## [WHAT YOU HAVE TO DO]
Please copy the lines below, exactly as they are, from the one with "Dit hoesje heeft" through the one with "随后,何浩、张者、蒋登科、向", and leave out the pictures.

DATA: Begin

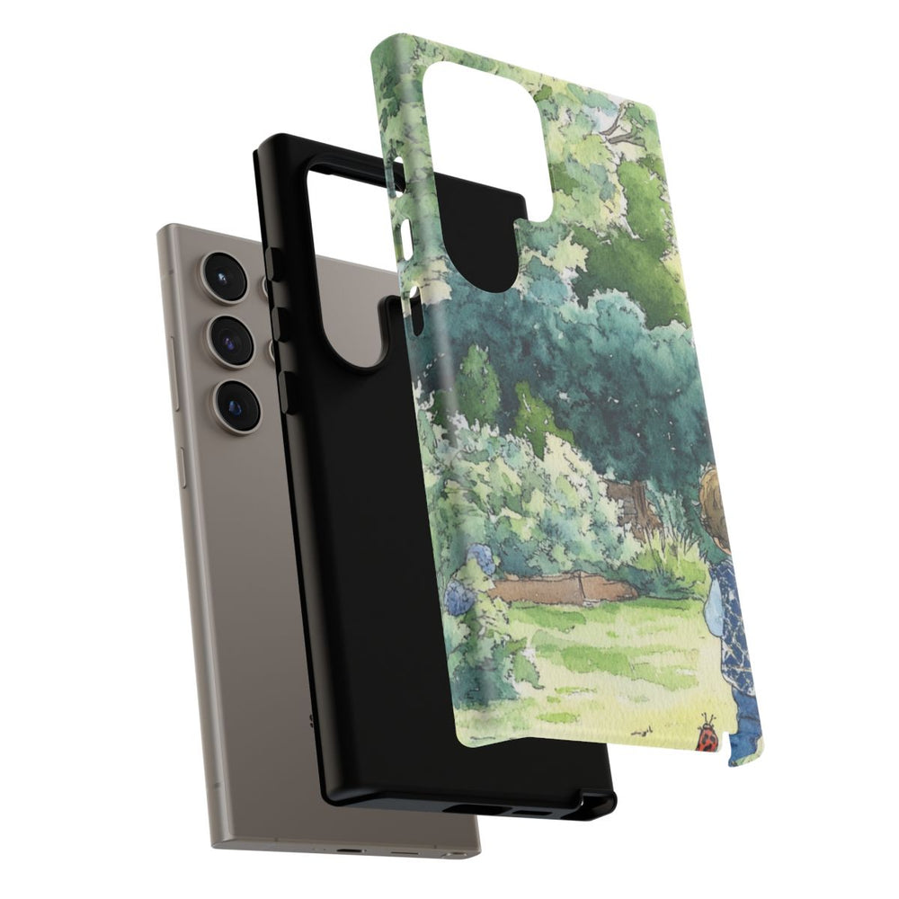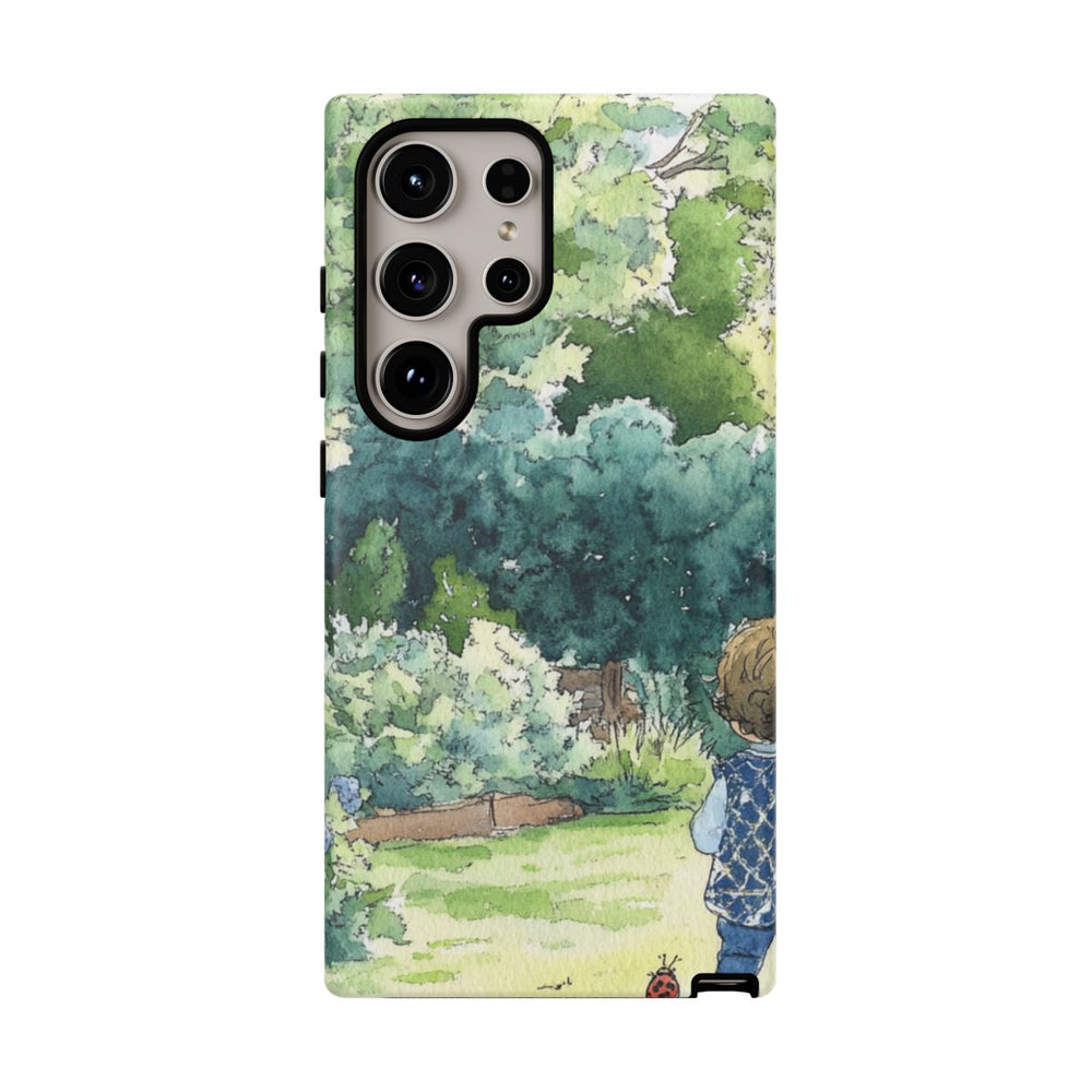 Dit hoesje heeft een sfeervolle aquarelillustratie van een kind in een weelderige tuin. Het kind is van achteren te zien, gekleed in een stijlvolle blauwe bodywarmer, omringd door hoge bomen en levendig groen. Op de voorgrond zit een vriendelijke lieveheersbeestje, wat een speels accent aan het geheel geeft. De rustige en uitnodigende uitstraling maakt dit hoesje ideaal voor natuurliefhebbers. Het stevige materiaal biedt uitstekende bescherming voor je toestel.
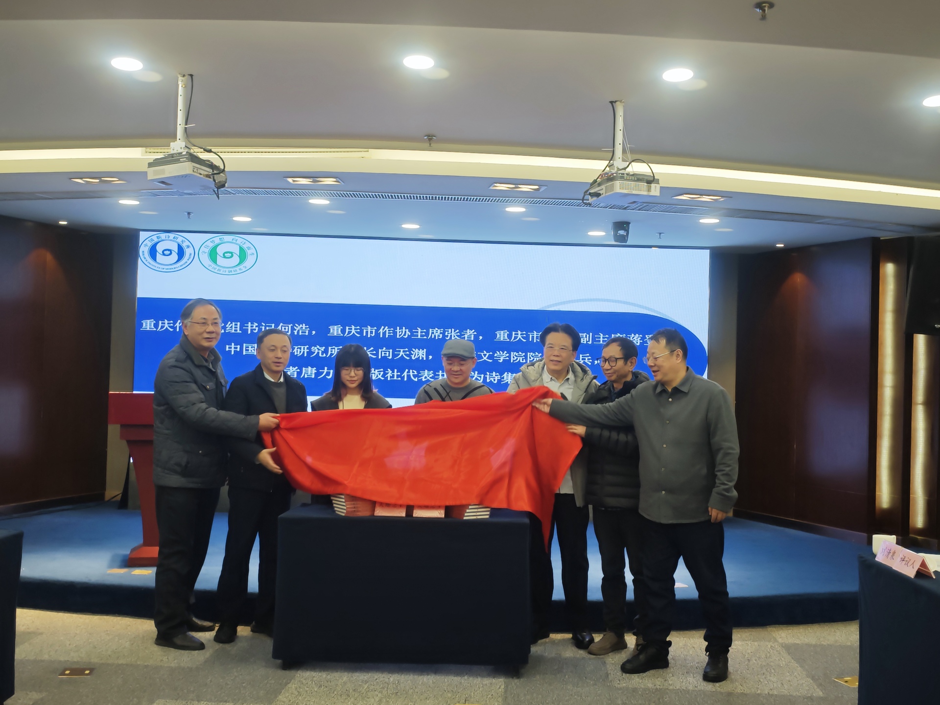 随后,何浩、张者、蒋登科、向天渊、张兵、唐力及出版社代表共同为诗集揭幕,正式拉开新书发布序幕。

DATA: End
DATA: Begin

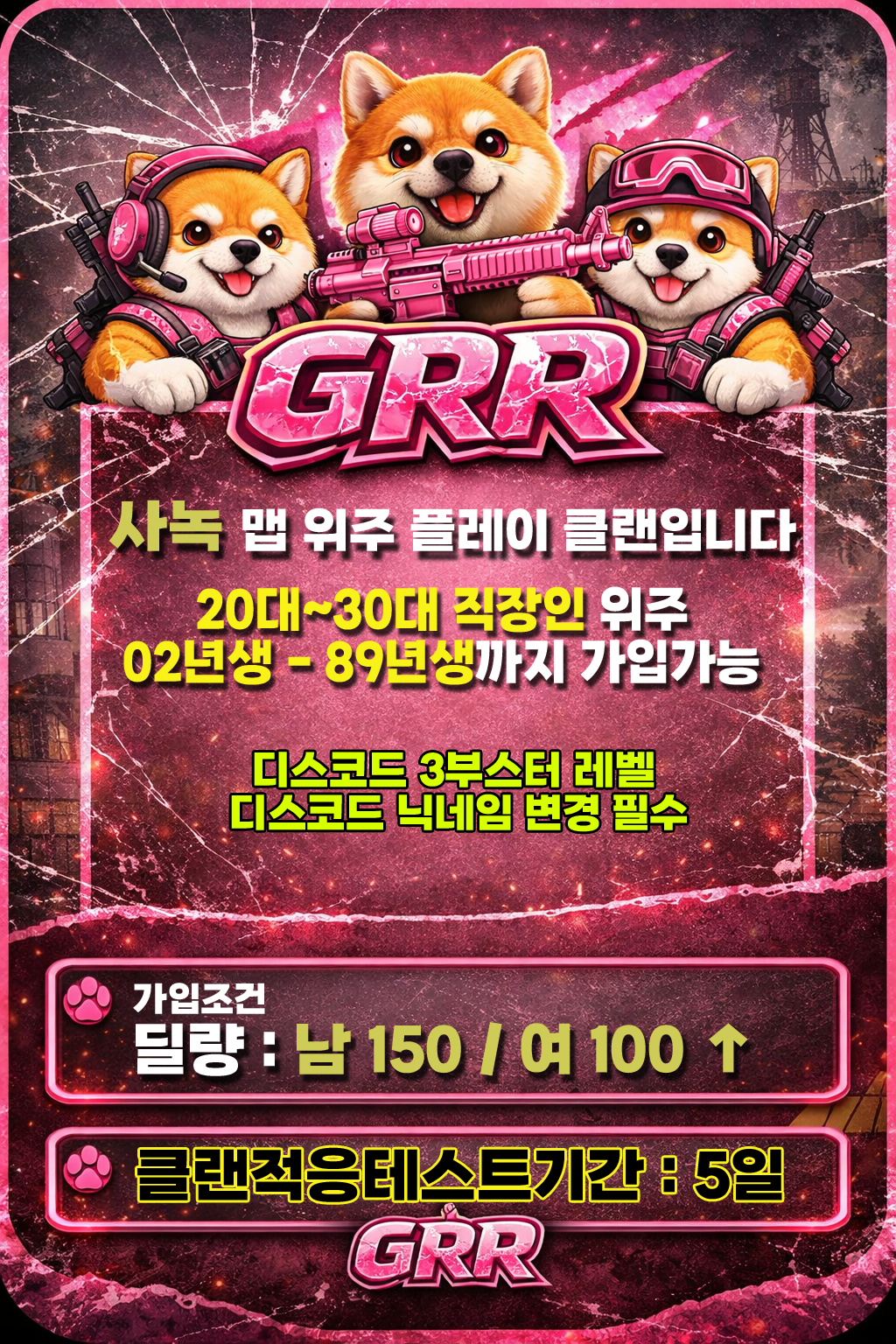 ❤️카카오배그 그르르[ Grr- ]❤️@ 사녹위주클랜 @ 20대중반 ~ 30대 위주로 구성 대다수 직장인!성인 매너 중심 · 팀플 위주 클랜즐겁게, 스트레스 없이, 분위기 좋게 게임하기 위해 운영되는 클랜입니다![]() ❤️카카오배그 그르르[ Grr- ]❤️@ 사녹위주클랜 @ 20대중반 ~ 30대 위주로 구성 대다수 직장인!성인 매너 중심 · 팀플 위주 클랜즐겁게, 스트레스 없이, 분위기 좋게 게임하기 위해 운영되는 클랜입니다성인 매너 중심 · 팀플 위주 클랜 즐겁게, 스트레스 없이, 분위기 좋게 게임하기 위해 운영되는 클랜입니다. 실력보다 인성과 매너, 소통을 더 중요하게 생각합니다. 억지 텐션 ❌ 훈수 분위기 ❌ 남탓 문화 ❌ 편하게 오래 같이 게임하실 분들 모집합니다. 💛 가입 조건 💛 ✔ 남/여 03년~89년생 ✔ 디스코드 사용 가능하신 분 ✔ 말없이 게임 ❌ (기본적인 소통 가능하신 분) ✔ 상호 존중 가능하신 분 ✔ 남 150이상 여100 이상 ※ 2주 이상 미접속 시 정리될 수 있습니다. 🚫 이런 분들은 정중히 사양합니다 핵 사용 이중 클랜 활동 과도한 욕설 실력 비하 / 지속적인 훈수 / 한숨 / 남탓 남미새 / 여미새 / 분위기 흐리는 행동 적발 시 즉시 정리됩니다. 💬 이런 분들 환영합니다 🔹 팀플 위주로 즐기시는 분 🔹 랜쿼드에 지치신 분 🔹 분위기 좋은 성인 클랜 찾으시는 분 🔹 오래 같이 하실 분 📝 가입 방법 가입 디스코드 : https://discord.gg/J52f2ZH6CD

DATA: End
DATA: Begin

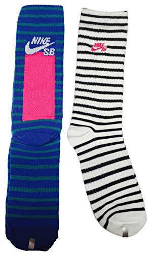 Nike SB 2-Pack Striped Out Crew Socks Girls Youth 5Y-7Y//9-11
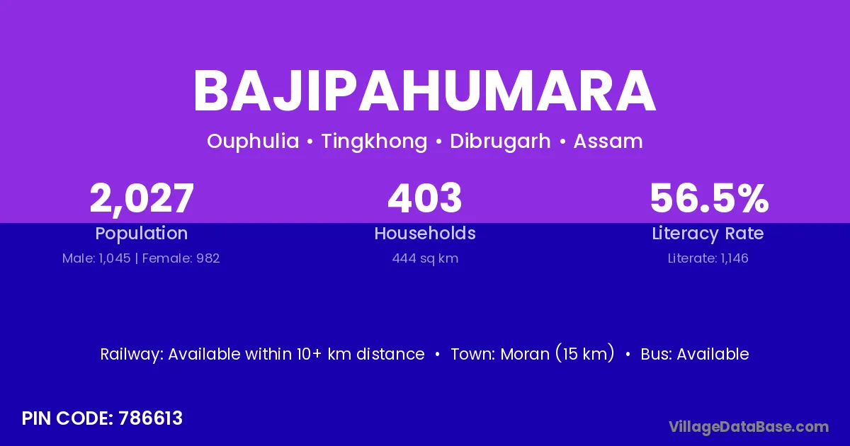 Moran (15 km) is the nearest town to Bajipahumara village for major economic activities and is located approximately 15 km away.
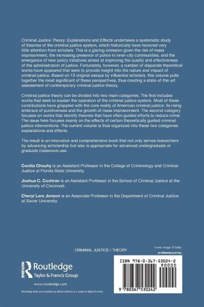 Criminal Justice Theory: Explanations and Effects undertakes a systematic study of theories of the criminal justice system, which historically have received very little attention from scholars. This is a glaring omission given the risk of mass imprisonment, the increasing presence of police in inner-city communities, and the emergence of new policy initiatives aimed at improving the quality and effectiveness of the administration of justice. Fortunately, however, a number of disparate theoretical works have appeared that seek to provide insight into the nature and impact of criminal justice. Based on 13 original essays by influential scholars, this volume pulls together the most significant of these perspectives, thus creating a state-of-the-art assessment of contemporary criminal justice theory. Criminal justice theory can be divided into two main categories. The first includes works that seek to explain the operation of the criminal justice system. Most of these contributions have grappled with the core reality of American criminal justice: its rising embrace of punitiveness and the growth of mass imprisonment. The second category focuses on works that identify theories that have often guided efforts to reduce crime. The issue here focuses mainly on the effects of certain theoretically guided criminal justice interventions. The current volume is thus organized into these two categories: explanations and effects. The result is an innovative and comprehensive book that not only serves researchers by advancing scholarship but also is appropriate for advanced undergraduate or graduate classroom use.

DATA: End

## [TASK RESPONSE]
 Dit hoesje heeft een sfeervolle aquarelillustratie van een kind in een weelderige tuin. Het kind is van achteren te zien, gekleed in een stijlvolle blauwe bodywarmer, omringd door hoge bomen en levendig groen. Op de voorgrond zit een vriendelijke lieveheersbeestje, wat een speels accent aan het geheel geeft. De rustige en uitnodigende uitstraling maakt dit hoesje ideaal voor natuurliefhebbers. Het stevige materiaal biedt uitstekende bescherming voor je toestel.
 随后,何浩、张者、蒋登科、向天渊、张兵、唐力及出版社代表共同为诗集揭幕,正式拉开新书发布序幕。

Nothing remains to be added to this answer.